Recently, a lot of my friends have been tossing around the “one-half” idea. We’re sophomores (read: we’re old). Two years into college and we feel old.

No, maybe it’s not age. Maybe we just feel like we know this place. For almost two years, we have grown and Yale has grown. Exciting things are happening on campus: a new batch of Yale College Council Officers will be elected in the next few days, Yale will open a brand new college in Singapore in 2013, and two new residential colleges will open their doors to students in 2015. Yale is in motion.

But we are in motion, too! Exciting things are happening in our lives as sophomores! We are on the verge of declaring majors, starting to find some sort of direction, settled into our residential colleges, established citizens the New Haven community, and members of something larger than ourselves. Finally. We feel it: we feel like we, in some shape or form, embody what is Yale.

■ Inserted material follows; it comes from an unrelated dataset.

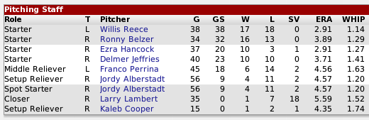 Last Year: (79-75) (17.5 GB) (4th Place) Two Years Ago: (79-75) (20 GB) (4th Place) Last Postseason: 2048 (3 Pro Cups - 2029, 2031, 2048) (11 Pennants) IPA Hall-of-Famer Billy Christianson (.302 BA/248 HR/1446 RBI/1735 R) has managed the Reds since '52... as a Gold Glove infielder he led them to two Pro Cup titles in the 30s and lately has them on track for success in the Tycobbian West... his club came within 3 runs of the division crown this season, losing a heartbreaker to champ Denton City in a one-game playoff... Rolling Hills is a strong team with a heck of a lot of hitting and scoring, adequate power, some fine pitching and top-notch fielding... the future is bright for Christianson and his Reds... rose from fourth place the past two years to a very close second this season. Team Stats: .283 BA (1st), 762 runs (4th), 3.53 ERA (6th), .980 FA (excellent) Top Players: solid pitching rotation with P. J. Dunham, Vince Dillaway, Tommy Otis and the injured Rob Gates (19-9/3.30 ERA)... just might be the best group of starters in the entire IPA... should have had all 20-game winners... the bullpen is solid, too, anchored by Matty Mosby... terrific All-Star rookie first baseman Teddy Stonich had a marvelous year with 36 homers and 121 RBIs and led the club with plenty of help from veteran star Dustin Thibodeau, Jean-Luc Roubique, Jameson Mulbert, Rory Teed, Mike Josephson and rookie Lee Fountain. |
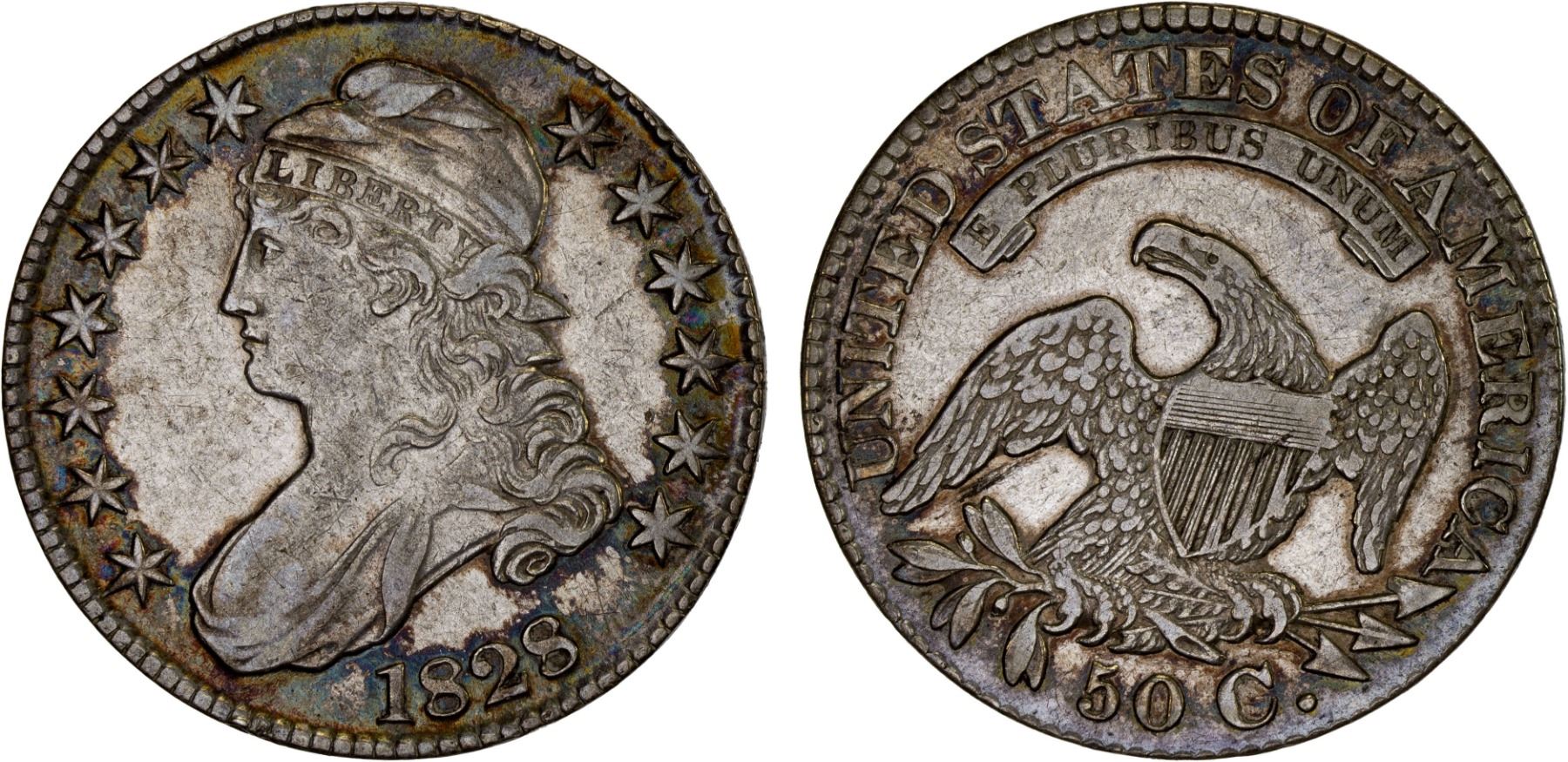 UNITED STATES: AR half dollar, 1828, KM-37, small 8s, square-base 2, large letters, attractive peripheral tone, VF-XF.

And then I hear this number: one-half. It sounds incomplete. It sounds fragmented. Yet, there is a resounding beauty in the fact that there is something yet to be fulfilled.

One-half (noun): The part of the Yale experience that we, as sophomores, have almost completed.

No, no, no. Let’s take a step back, friends.

One-half (noun): The part of the Yale experience that we, as sophomores, have left to enjoy, to savor, to cherish. The part of the Yale experience that we have left to blossom as individuals, to embrace all that is offered here in this community, to build friendships that will last far, far outside the walls of these castle-like residential colleges. One-half cannot capture what will happen in two full years of exploration, of challenge, and of fun.

I truly believe–deep down in this heart that has only been through “one-half” of the Yale experience–that this place has changed me: I have grown here. But “one-half” is not a descriptor that even begins to describe how much I will grow in my upcoming two years at Yale.  Let’s not forget about the second half.